I and a co-worker just spent two very long and tedious days tracking down and fixing a bug in the new version of our server software. The problem would occur intermittently when multiple people were making requests. Manifestation was always a blank page returned when we were expecting something else. The bug was exceedingly difficult to reproduce by hand, so I wrote a little program that would make requests automatically. That made the bug reproducible, and we learned a few lessons while tracking it down and fixing it.
Always suspect your own code first. I knew on Wednesday evening that the failure was due to either IIS or our software dropping the request. I’ve been in this business long enough to suspect my own code first, and I thought it exceedingly odd that IIS would be dropping a request and returning a blank page. At first I resisted testing against another web server, but decided it couldn’t hurt. I’m glad we had another web server to test against because it verified that the problem was with our code.

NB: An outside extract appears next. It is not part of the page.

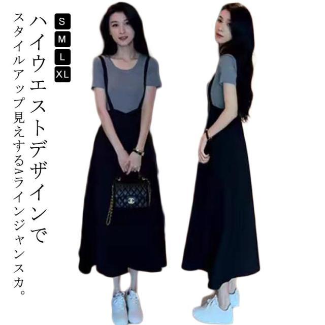 フレア サロペットスカート ワンピース レディース ロング サロペットスカート Aライン ジャンパースカート オールインワン サロペスカート ハイウエスト サロペット オーバーオール 春夏秋 キャミソールワンピース きれいめ 大人カジュアル 大人可愛い キャミワンピ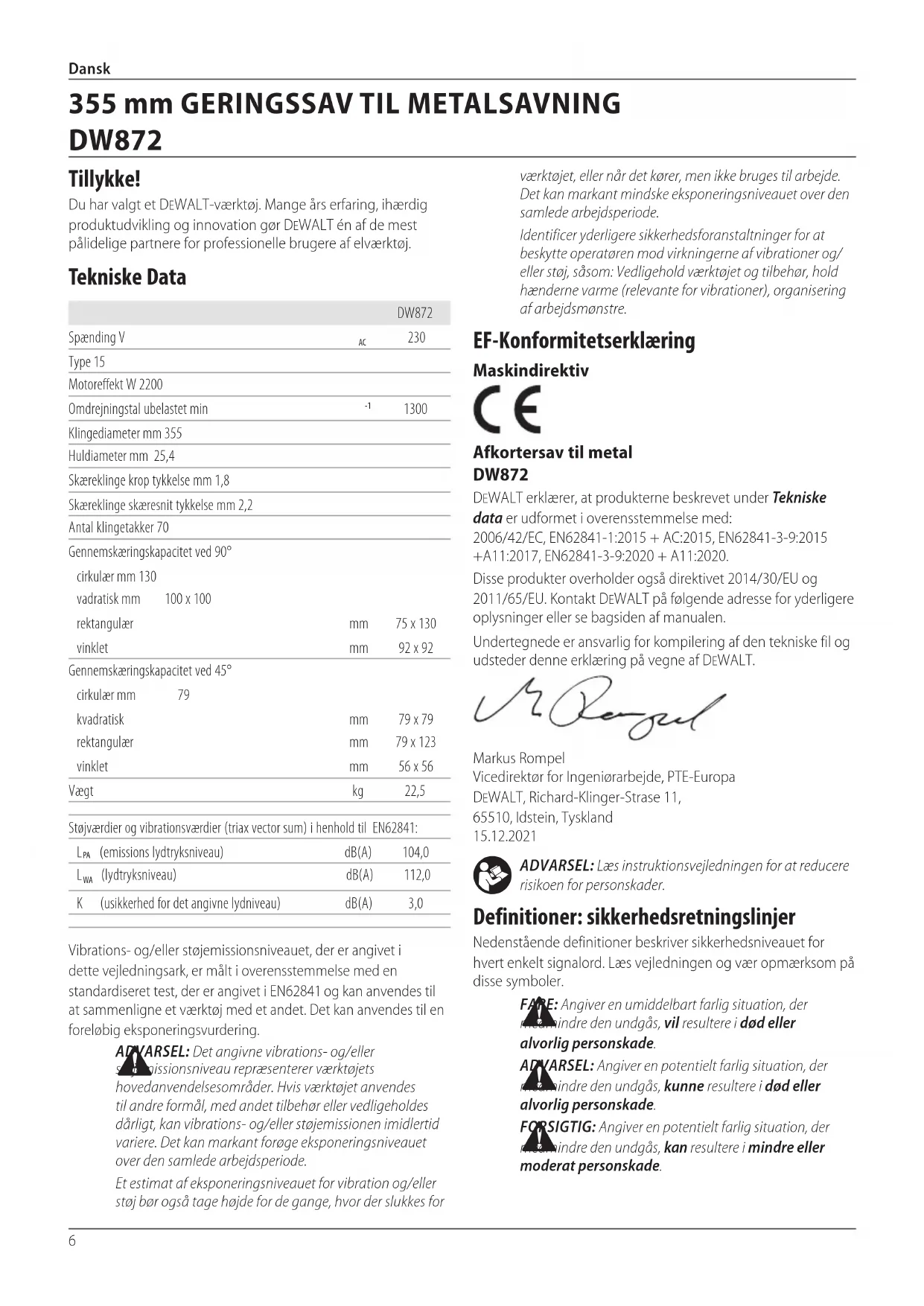 Dansk ADVARSEL: Læs instruktionsvejledningen for at reducere risikoen forpersonskader. Definitioner: sikkerhedsretningslinjer Nedenstående definitioner beskriver sikkerhedsniveauet for hvert enkelt signalord. Læs vejledningen og vær opmærksom på dissesymboler. FARE: Angiver en umiddelbart farlig situation, der medmindre den undgås, vil resultere i død eller alvorligpersonskade. ADVARSEL: Angiver en potentielt farlig situation, der medmindre den undgås, kunne resultere i død eller alvorligpersonskade. FORSIGTIG: Angiver en potentielt farlig situation, der medmindre den undgås, kan resultere i mindre eller moderatpersonskade. EF-Konformitetserklæring Maskindirektiv Afkortersav til metal DW872 DeWALT erklærer, at produkterne beskrevet under Tekniske data er udformet i overensstemmelse med: 2006/42/EC, EN62841-1:2015 + AC:2015, EN62841-3-9:2015 +A11:2017, EN62841-3-9:2020 + A11:2020.Disse produkter overholder også direktivet 2014/30/EU og 2011/65/EU. Kontakt DeWALT på følgende adresse for yderligere oplysninger eller se bagsiden afmanualen.Undertegnede er ansvarlig for kompilering af den tekniske fil og udsteder denne erklæring på vegne afDeWALT.Markus Rompel Vicedirektør for Ingeniørarbejde, PTE-Europa DeWALT, Richard-Klinger-Strase 11, 65510, Idstein, Tyskland 15.12.2021DW872Spænding V

When you’re writing a log file, be sure that the information written is usable. We were writing a tremendous amount of stuff to the log, most of which was useless for debugging purposes when multiple simultaneous requests were being processed. In a multi-threaded application, the log information must include the thread ID and some information that ties that thread ID to the request being processed. We spent almost a full day running tests and modifying the log output so that we could get enough information to track the bug. My only hope is that the modified logging code remains in the shipping product.
Murphy’s Law applies. In spades. If there’s any chance for resource contention, you can bet that it will happen. The root of the problem was a piece of code that reads a configuration file. This code opened the file in exclusive mode, thus preventing any other thread from opening the file during the few milliseconds it took to read the information. If there’s any chance of resource contention, you either code for the possibility by using a mutual exclusion lock, or you write code to eliminate the possibility.
Squashing exceptions is a very bad idea. Although the root cause of the problem was the resource contention, we were unable to determine the real problem because the exception being raised by the thread’s failure to open the file was being squashed by the exception handler. We were correctly throwing an exception, but handling it improperly and not even writing a log entry. If you’re writing code that uses exceptions, then use them!
I’m happy to say that I’m not personally responsible for any of the affected code. However, the experience has left me with a renewed appreciation for the difficulties of writing multi-threaded code, and you can bet that some of my other applications will be getting a good looking over in the near future.